When UPI burst onto the scene, it found instant acceptance, because even with 2FA, it practically worked out to be a single-step process. That’s because the first factor is the phone number and device itself, which didn’t need authentication every time one made a payment. But as Truecaller showed, this can also be a vulnerability.
Normally, any UPI app would have access to the device details only when a user installs the app and starts the registration process, but not Truecaller. It had the device details by virtue of already having message permissions as a caller ID app. This let it auto-register. As much as the company would like to call this as an anomaly, it was also something of an eventuality. If not at the hands of Truecaller, then perhaps through some other app with similar fintech ambitions.

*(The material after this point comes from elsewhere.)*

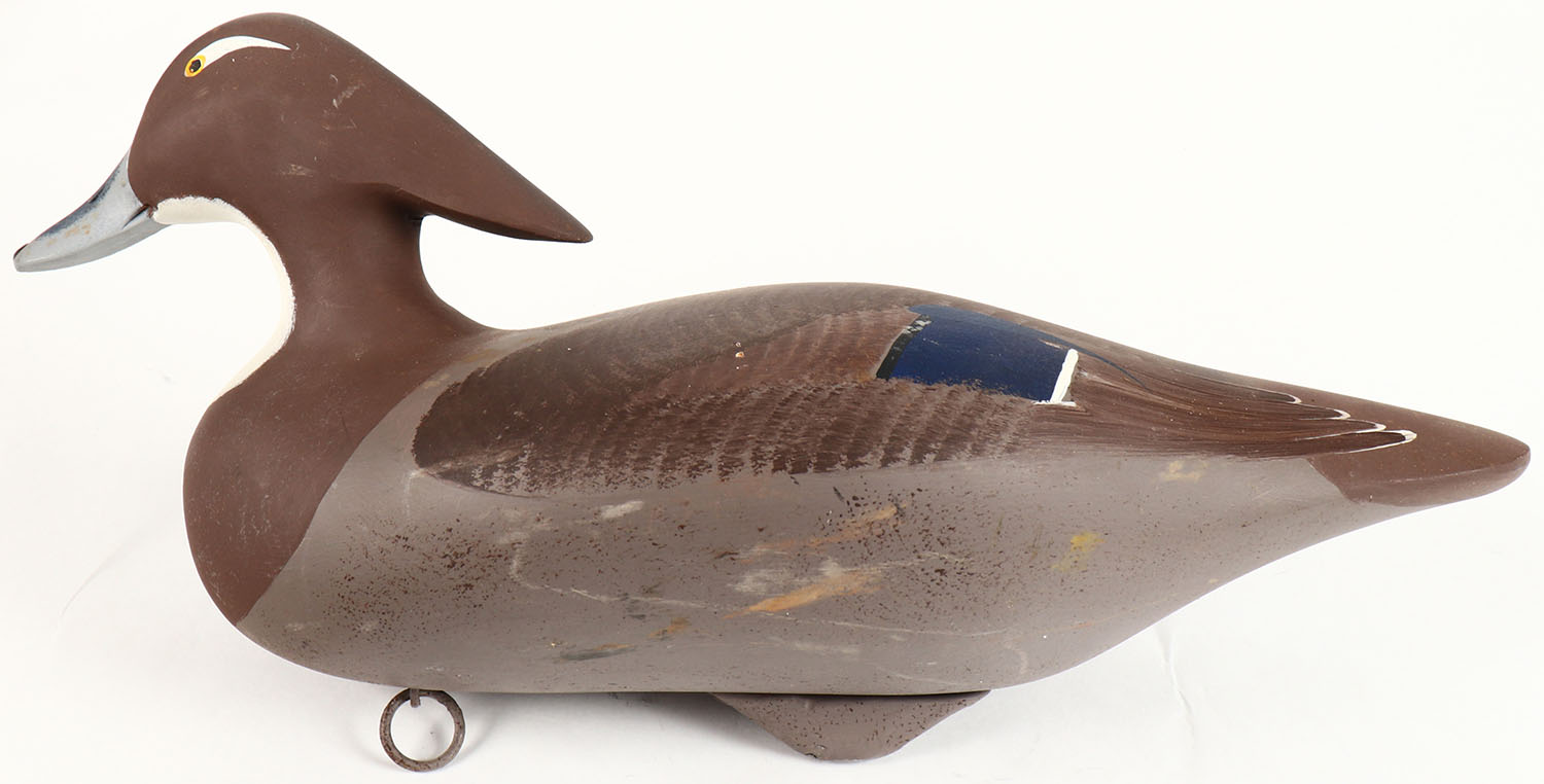 Woodduck Hen by unknown carver from MD, PE, solid wood, original paint, structurally excellent, 16'' OAL. Grade: Excellent - Value: 20 to 40

Facebook has continued to march on despite significant privacy blunders and this incident too may blow over for Truecaller, like many tech outrages of the past. But there are some worrying signs. Like the upcoming data protection bill, which is expected to be tabled in the parliament in the ongoing budget session, and the bruising competition among fintech and non-fintech companies to lend.
Even though Truecaller in May, appointed Sandeep Patil, a former Flipkart director as its Indian managing director, its focus on the India market is complicated because the company remains anchored in Sweden (where Mamadi, Zarringhalam and its heads of engineering and product are based). Even Truecaller’s board has just one Indian representative—Sequoia’s Shailesh Lakhani. The Chillr acquisition built out Truecaller’s on-the-ground presence in India, but the incidents of the past week may give it cause to rethink its approach. WhatsApp is poised to explode on to India’s fintech landscape, where will that leave the also-rans?
Clarification: The article was updated to reflect the correct number of transactions BharatPe does in a month. It has also been edited to highlight that message-access is enough for Truecaller to link user bank accounts.